- INSTRUCTIONS TO FOLLOW:
All lines from the one with "Okul karşısındaki konteynerden" through the last line of the data below should be copied exactly; please add nothing.

- DATASET CONTENT:

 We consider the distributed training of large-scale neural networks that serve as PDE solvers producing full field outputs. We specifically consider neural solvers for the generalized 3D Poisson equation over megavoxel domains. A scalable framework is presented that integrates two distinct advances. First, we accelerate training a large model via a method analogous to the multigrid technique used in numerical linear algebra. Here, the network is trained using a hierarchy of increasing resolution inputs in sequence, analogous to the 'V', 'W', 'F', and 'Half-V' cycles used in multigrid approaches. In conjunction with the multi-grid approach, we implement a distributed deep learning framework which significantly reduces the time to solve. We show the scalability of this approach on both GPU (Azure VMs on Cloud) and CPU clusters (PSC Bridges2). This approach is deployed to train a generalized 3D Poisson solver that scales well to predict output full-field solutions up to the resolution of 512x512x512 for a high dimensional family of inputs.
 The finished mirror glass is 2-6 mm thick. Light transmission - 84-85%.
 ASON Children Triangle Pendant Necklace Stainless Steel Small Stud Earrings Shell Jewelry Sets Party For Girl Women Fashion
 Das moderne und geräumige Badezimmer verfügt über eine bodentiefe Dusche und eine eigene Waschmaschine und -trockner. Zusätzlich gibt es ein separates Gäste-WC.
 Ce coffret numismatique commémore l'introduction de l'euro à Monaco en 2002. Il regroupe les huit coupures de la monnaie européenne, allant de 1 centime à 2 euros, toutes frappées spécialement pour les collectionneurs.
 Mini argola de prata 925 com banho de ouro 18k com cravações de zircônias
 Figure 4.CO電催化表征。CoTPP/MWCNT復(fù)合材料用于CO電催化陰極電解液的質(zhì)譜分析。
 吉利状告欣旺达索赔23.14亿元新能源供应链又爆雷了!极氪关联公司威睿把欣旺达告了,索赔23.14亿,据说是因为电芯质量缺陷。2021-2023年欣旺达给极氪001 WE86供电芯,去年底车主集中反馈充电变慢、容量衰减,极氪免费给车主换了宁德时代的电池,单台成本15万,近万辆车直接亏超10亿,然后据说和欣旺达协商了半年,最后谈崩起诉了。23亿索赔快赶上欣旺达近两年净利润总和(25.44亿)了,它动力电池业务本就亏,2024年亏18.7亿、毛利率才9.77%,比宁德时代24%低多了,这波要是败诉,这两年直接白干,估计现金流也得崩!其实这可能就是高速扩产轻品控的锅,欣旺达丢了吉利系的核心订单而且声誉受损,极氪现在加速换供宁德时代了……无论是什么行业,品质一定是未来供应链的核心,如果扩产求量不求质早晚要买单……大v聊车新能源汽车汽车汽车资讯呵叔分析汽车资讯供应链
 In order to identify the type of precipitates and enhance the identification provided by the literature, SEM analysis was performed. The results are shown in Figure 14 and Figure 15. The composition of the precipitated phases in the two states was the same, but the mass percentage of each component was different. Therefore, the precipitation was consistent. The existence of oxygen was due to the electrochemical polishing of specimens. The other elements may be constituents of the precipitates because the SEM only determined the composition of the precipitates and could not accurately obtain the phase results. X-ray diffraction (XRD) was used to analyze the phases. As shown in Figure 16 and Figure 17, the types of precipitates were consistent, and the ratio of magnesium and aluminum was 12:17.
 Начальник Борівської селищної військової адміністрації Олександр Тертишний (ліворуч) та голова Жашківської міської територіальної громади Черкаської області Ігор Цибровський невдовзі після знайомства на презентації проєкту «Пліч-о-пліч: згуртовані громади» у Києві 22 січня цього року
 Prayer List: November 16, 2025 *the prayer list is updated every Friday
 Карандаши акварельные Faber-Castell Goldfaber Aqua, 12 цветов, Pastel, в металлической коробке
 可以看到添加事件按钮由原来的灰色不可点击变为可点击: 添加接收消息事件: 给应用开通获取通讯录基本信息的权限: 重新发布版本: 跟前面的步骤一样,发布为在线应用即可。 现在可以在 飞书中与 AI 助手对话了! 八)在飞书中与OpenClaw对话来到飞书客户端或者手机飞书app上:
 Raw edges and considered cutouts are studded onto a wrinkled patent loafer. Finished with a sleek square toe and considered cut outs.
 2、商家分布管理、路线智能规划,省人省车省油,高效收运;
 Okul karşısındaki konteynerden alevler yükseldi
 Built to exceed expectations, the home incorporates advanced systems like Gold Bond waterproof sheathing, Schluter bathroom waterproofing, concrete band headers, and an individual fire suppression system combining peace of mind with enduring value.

- ANSWER TO THE PROBLEM:
 Okul karşısındaki konteynerden alevler yükseldi
 Built to exceed expectations, the home incorporates advanced systems like Gold Bond waterproof sheathing, Schluter bathroom waterproofing, concrete band headers, and an individual fire suppression system combining peace of mind with enduring value.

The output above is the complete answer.